# ICH5, 875P, P4C800: Intel Chipset Software Installation Utility



## clintfan (Sep 4, 2003)

Title: ICH5, 875P, P4C800: Intel Chipset Software Installation Utility
Posted: 09-13-2003 11:47 PM

_I originally wrote this article to help Asus P4C800 users avoid the pitfall of not installing an important chunk of software. I decided to try to phrase it more generally, to apply to any user having a motherboard employing any Intel(R) ICH-family chipset. Hope you find it useful...

-clintfan_


INTEL CHIPSET SOFTWARE INSTALLATION UTILITY
If you look for the latest drivers for your Asus P4C800 series motherboard on the Asus download site, besides the drivers for Promise, LAN, ATA, etc., you may notice a mysterious "Intel Chipset Software Installation Utility". Mysterious to me, anyway. There it is found under the "Utility" tab, but effectively it gets you access to drivers: several drivers, in fact. (Note that the Asus download site does not currently provide the latest version, which can be obtained directly from Intel.)

Actually, when bringing up _any_ motherboard that uses a modern Intel ICH chipset family (e.g. 875P/ICH5-IHC5R), the Intel(R) Chipset Software Installation Utility *should be the FIRST driver to install, and it should be installed immediately after installing your Windows operating system.* Asus just provides it because Asus makes motherboards. I wish I had realized all this when I installed my XP Pro! If you don't discover it until later, your options are to live with the problem, reinstall the O/S, or follow the "after" process outlined below.

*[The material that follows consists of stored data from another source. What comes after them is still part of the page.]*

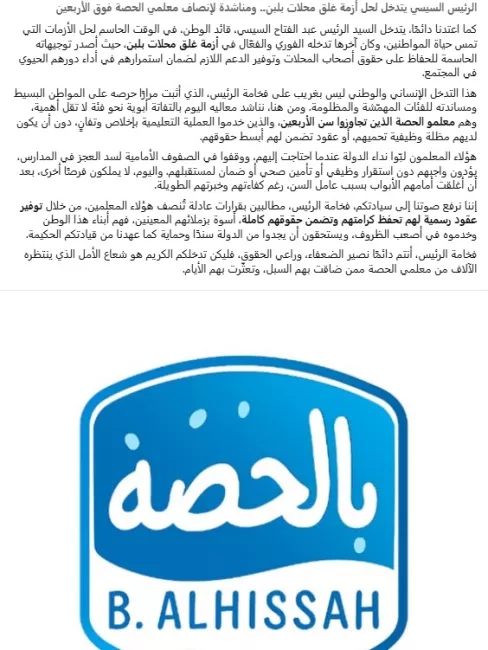 ودشن بعضهم على فيسبوك لوجو يشبه شعار "بـ لبن"، كُتب عليه "بالحصة"، مطالبين بتنفيذ الوعود السابقة من مجلس الوزراء ووزارة التربية والتعليم بشأن عقد مسابقة مخصصة لمن عملوا بالحصة على مدار السنوات الماضية، مؤكدين أن تجاهلهم المستمر يهدد مستقبلهم الوظيفي.
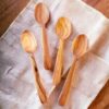 Hand carved wooden coffee spoons by artisans in Kenya. Each is made from ethically sourced wild olive wood, known for its exquisite texture and grains.
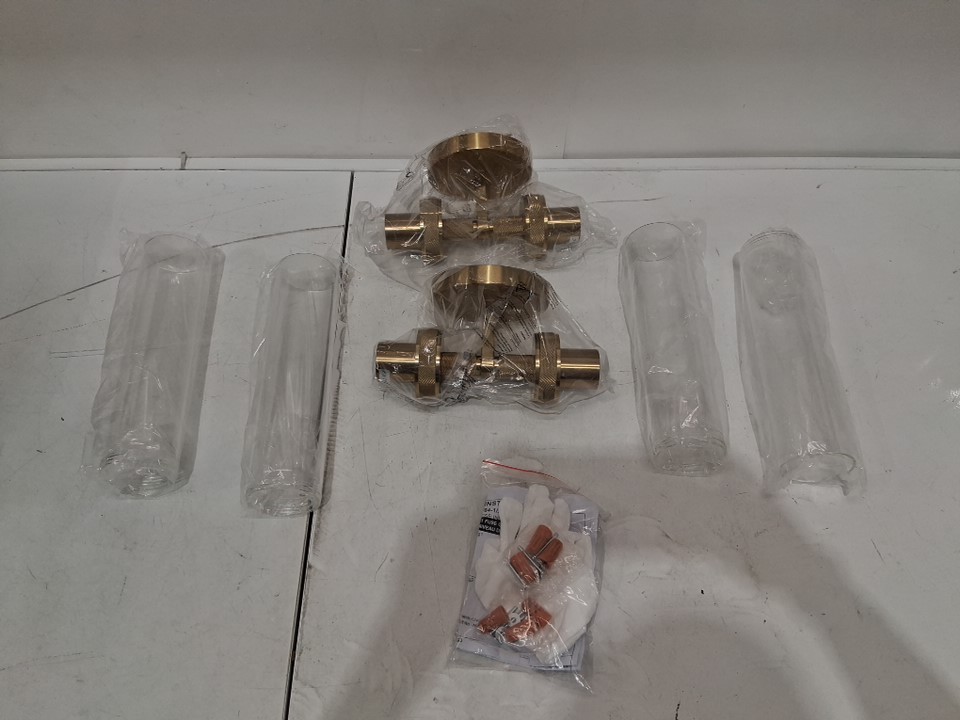 2PK LaLuLa Vanity Light Fixtures Modern Dual-Light Wall Sconces with Rippled Glass - 25" - E26, 60W - GOLD (MODEL: JYW083-2GD)
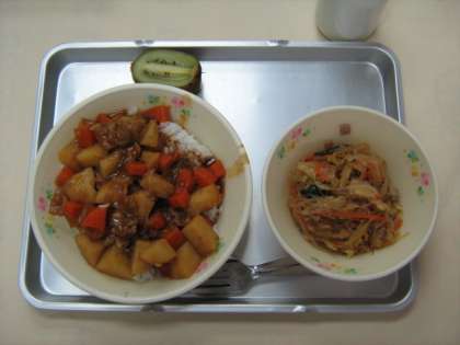 1月23日の給食 公開日 2013/01/23 更新日 2013/01/23 今日の出来事 カレーライス 春雨サラダ キウイ 牛乳 (春雨は、大豆からとったでんぷんを糸状に固めて作ります。日本製の春雨は、じゃがいものでんぷんで作られます。料理により、大豆からできた春雨と、じゃがいもからできた春雨を使い分けます。今日の春雨は、大豆からできた春雨を使っています。)
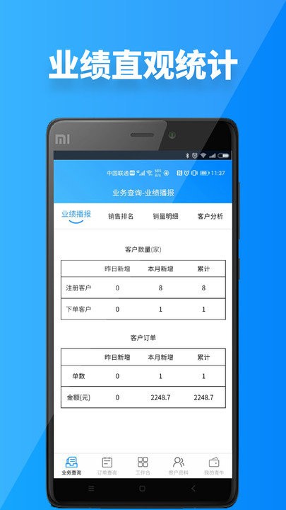 2、业绩统计,相关的业绩都会得到统计,能随时查看自己的业绩变化和内容信息
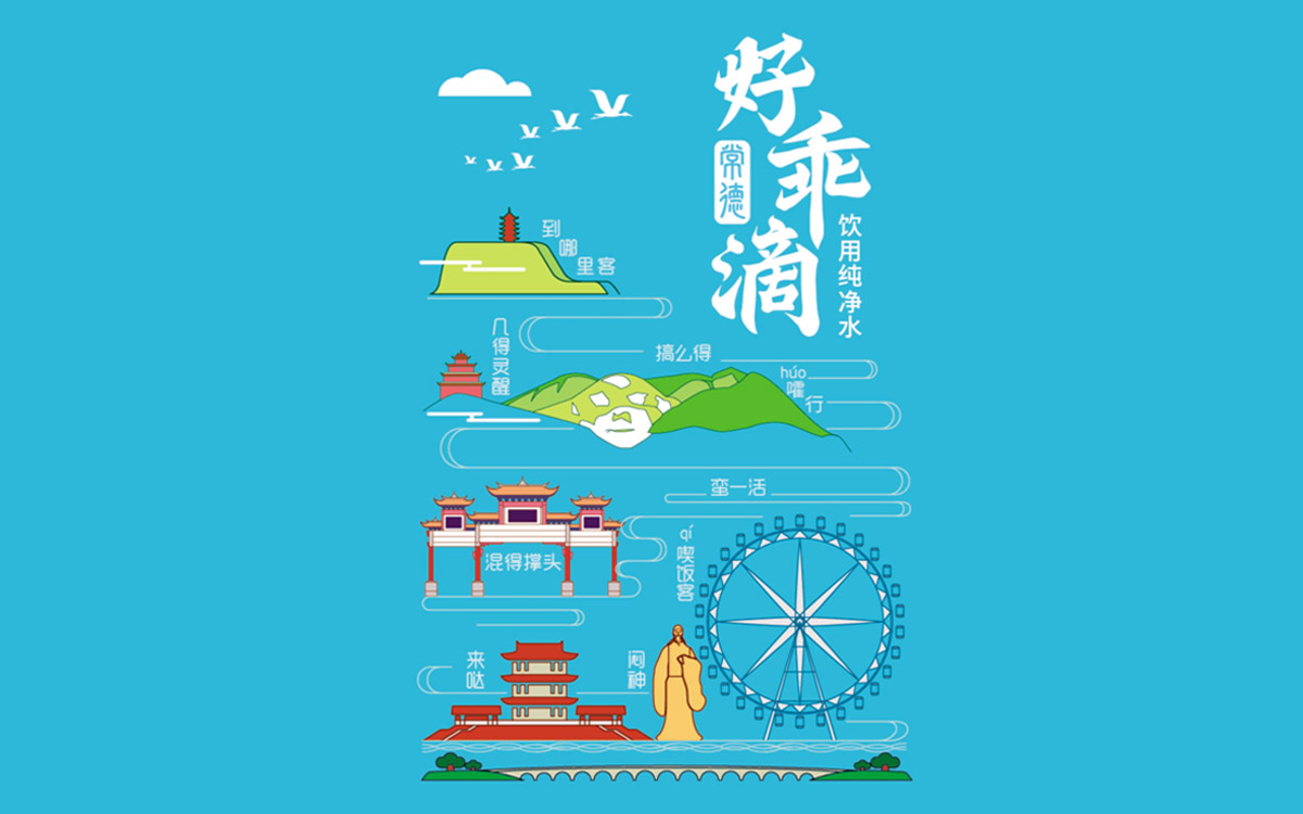 在常德旅游產(chǎn)業(yè)大發(fā)展的環(huán)境下,亟需具有文化性、傳播性、低成本的文創(chuàng)產(chǎn)品作為旅游宣傳載體,而小瓶裝純凈水,可以很好的起到常德旅游形象宣傳的目的,在水包裝上挖掘地域文化,用小瓶裝水傳播常德旅游,且成本非常低廉。 如何在小瓶裝水的包裝上體現(xiàn)常德旅游特色和常德地域文化,這是一個非常大的挑戰(zhàn)。且瓶裝水包裝幅面有限,在極小的幅面內(nèi)選擇怎樣的元素體現(xiàn)常德旅游和地方文化,如何挖掘、篩選這些元素,需要深入考察和研究地方文化。 中世銳意設計將常德旅游景點的代表元素做了篩選,并用當下流行、時尚的插畫手法繪制出象征圖形,形成了非常直觀的旅游資產(chǎn)的展現(xiàn)。 并注意到常德方言是一個非常有趣的地方語言文化,原滋原味的常德方言隨著社會經(jīng)濟的發(fā)展逐漸被輕視和消亡,而作為極具地方特色的常德方言,是地方文化的無形資產(chǎn)。于是,中世銳意設計深挖原滋原味常德方言,讓一句句鮮活的方言短語與美麗景色插畫相結合,形成旅游資產(chǎn)+地域文化的綜合展現(xiàn)。 當這款“好乖滴常德” 瓶裝水出現(xiàn)在常德大街小巷時,對于本地人來說,熟悉的常德景色與家鄉(xiāng)話是那么親切,自豪感油然而生;對于外地游客,瓶裝水上的美麗景色或許會成為他們下一站旅行的目的地,而水瓶上有趣、陌生的地方方言,會成為他們來到常德之后輕松掌握常德話的啟蒙工具,輕松學上兩句常德話,將成為愉快的交流場景。
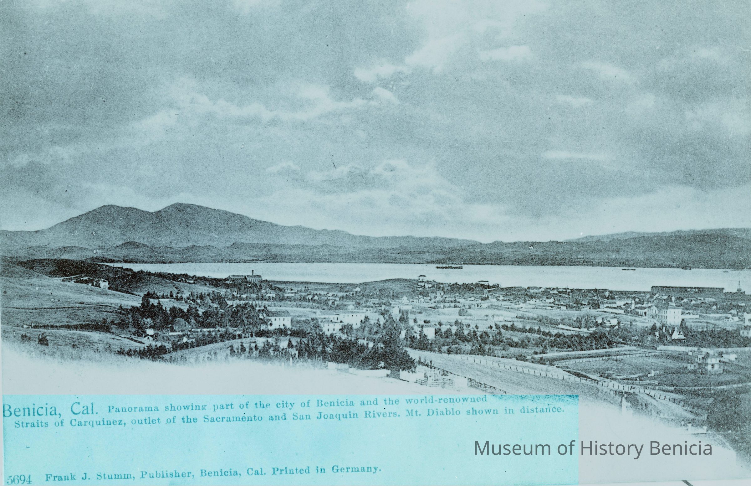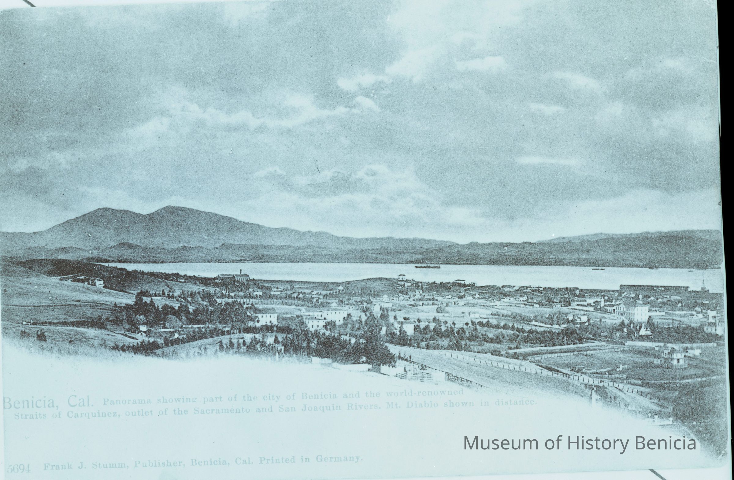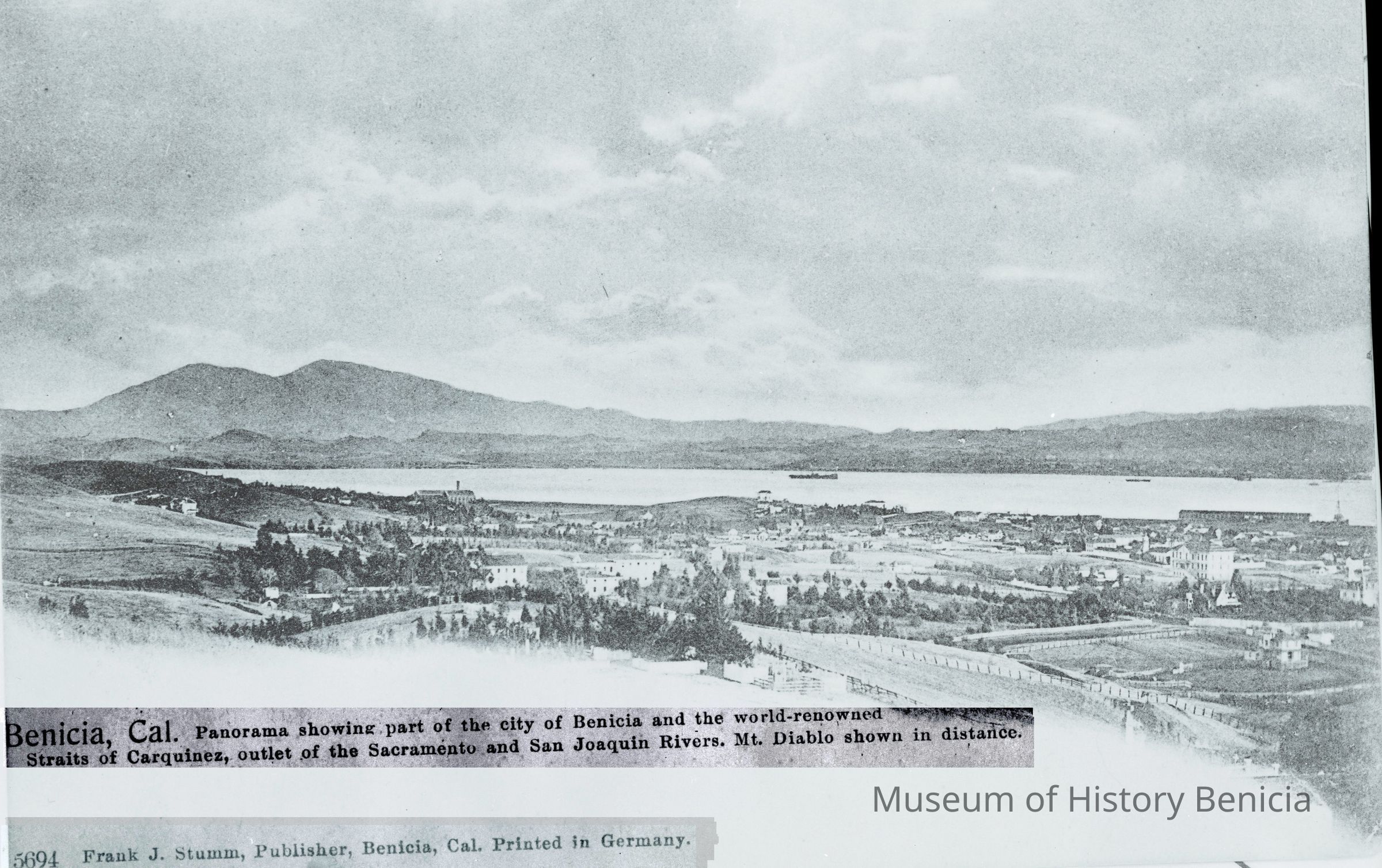 This is a negative copy of a photograph by Frank Stumm and enlarged for printing as a postcard. It shows a panoramic view of Benicia and the Carquinez Straits. It has a description of the scene on the bottom as well as Frank Stumm's name as publisher and is numbered 5694.
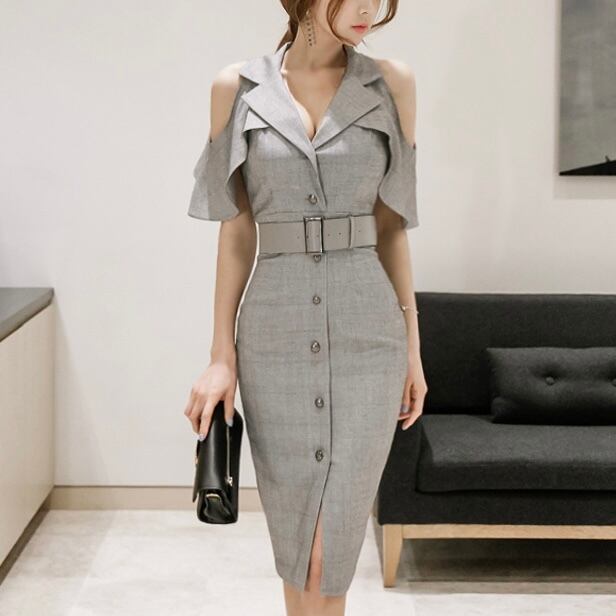 【dress】オープンショルダーベルト付きワンピース MA1171

The purpose of the Intel Chipset Software Installation Utility is to give Windows proper knowledge of all the Intel-specific devices internal to your chipset, by providing the needed .INF files, one of Windows' usual configuration mechanisms. Even without these files, many versions of Windows or their Service Packs will by now have acquired enough knowledge to operate chipset devices, but they are forced to run them in _generic_ fashion, which may not yield the most optimal settings. With the aid of this utility, the following generic "Standard" devices appearing in your Windows Device Manager can now be properly configured:

1- PCI Standard Host CPU Bridge
2- PCI Standard ISA Bridge
3- PCI Standard PCI-to-PCI Bridge
4- Standard Dual Channel PCI IDE Controller
5- Standard Enhanced PCI to USB Host Controller 
6- Standard Universal PCI to USB Host Controller 
7- SM Bus Controller

Their drivers are already built into Windows, but this utility lets you get them recognized as the right devices, respectively:

1- Intel(R) 82875P Memory Controller Hub
2- Intel(R) 82801EB LPC Interface Controller
3- Intel(R) 82875P Processor to PCI to CSA bridge and 
Intel(R) 82875P Processor to AGP Controller
4- Intel(R) 82801EB Ultra ATA Storage Controllers
5- Intel(R) 82801EB USB2 Enhanced Host Controller
6- Intel(R) 82801EB USB Universal Host Controller
7- Intel(R) 82801EB SMBus Controller

In more general terms, according to Intel the benefits of applying this utility include:

- Identification of Intel(R) chipset components in the Device Manager
- Core PCI and ISAPNP Services
- AGP Support
- IDE/ATA33/ATA66/ATA100 Storage Support
- USB Support

NOTE: If your computer's Device Manager does _not_ appear to show a lot of "Standard" devices off its PCI bus, but instead displays numerous "Intel 828xx" devices, it means you either may not need to, or may already have, run the utility, and do not need to run it again.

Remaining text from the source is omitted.